Jim laughs and puts Skeletor back on top of the fridge - crooked, of course. I straighten him irritably.
"It's a collector's item," I say coldly, before deciding to speak in a language that he might actually be able to understand. "These things go for a lot on ebay."
"So sell them all," Jim snorts.
I give him a long look; he might as well have just asked me to strip naked and run through town. "That's not the point. I've been collecting these for years. I can't just sell them; I collect them to have them, not to make money by selling them to people who won't appreciate them-"
"Like you do? Someone who won't love them like you do?" He laughs loudly and walks over to my suitcase. As he pulls out a large laminated poster of the periodic table, his smug grin grows.
"Exactly," I say. "No one will love them like I do. No one will tuck them into bed every night like me, no one will take them out for expensive meals like me, and no one will knit them little jumpers for when they're cold like me." I think I might be taking this too far, but mocking myself is easy, and it's nice to do it before Jim does.
"How are you my brother?"
I smile at him politely and start to explain exactly how sex works. I am a biologist, after all, and we love sex. Yes, oocyte activation by fertilisation makes me break out into a hot sweat every time I think about it. Jim likes to believe that while he wanks over naked girls with fake tits, I choose diagrams of chromosomes. Who can blame him? I am his pet freak-brother. And chromosomes are cool.
Jim rolls his eyes and tells me that I have a serious problem.
"Well, sometimes, when I lie in bed alone, I think about meiosis. All night long."
"A serious problem," he says again.
The problem? That I am a nerd. Yes, these things probably should be screened before birth, but the country is run by nerds and our natural instinct is to proliferate. We are the stem cells of England and we kick arse. Jim pretends not to like what I am, but in reality it gives him something to talk about. Whenever he brings a new slag home and I'm there, they have something to scoff over - I make quite a nice little conversation piece. I don't know what he would do if I was popular and good-looking and didn't talk to dead scientists on a regular basis. I guess his inferiority complex would double. Or maybe triple. Yes, my brother has his issues too.

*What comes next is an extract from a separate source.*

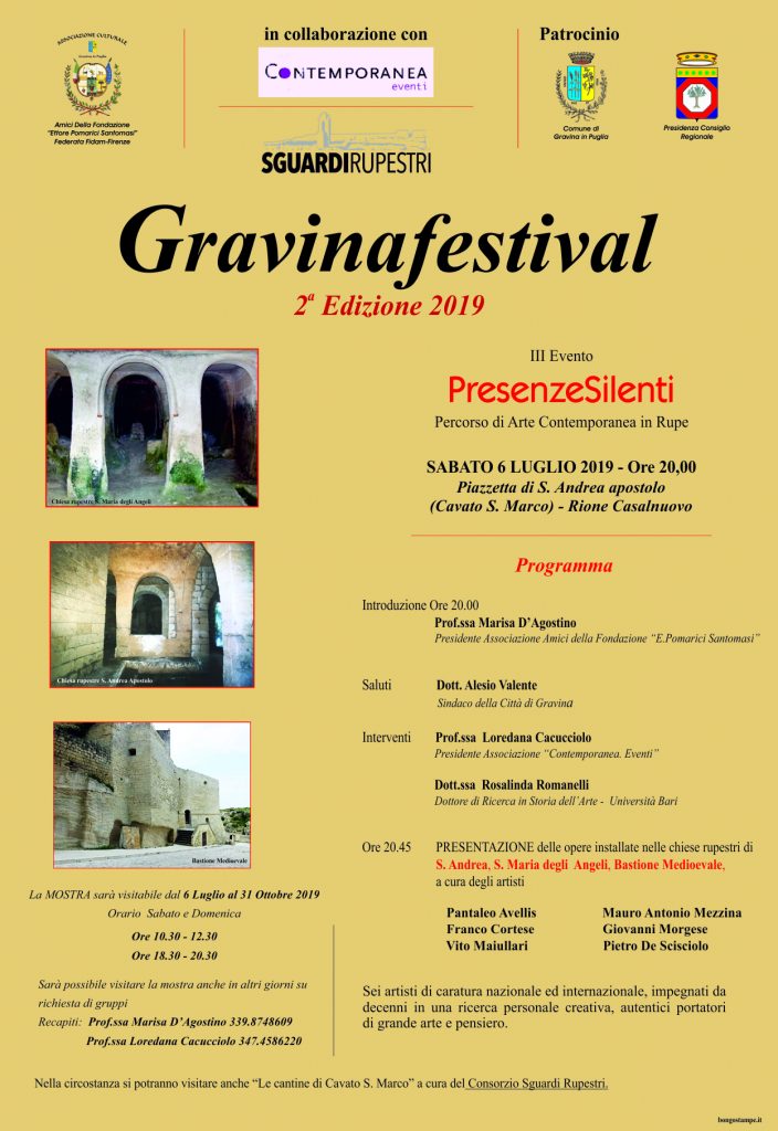 Dunque, il centro storico di Gravina diPuglia dal 6 Luglio al 31 ottobre 2019offrirà un singolare itinerario artistico che partendo dalla Chiesa rupestre di S.Andrea, attraverserà ilBastione e giungerà allaChiesa rupestre di S. Maria degli Angeli

Jim leaves when we've had time to unpack everything and grab some lunch from town - two meal deals, I picked the bean wrap. He gives me a slightly awkward pat on the back, smiles, and gives me some brotherly advice to help me on my journey through university.
"Don't fuck up."
Deep.
I watch his bashed up car drive away like it's happening in slow motion. Folding my arms, I feel weirdly cold and alone. Well, maybe not weirdly; I am alone. Completely alone. I don't know this college, and I certainly don't know any of the weird clever people who live here. When Jim and I first arrived, we caught a couple of girls in the corridor comparing calculators - graphical calculators with manuals bigger than your head, calculators that would blind you if you ever tried to work them out. Sexy. Now these girls are 'my sort of people', but I am still scared. How am I meant to get on with anyone new if I barely even know myself most of the time?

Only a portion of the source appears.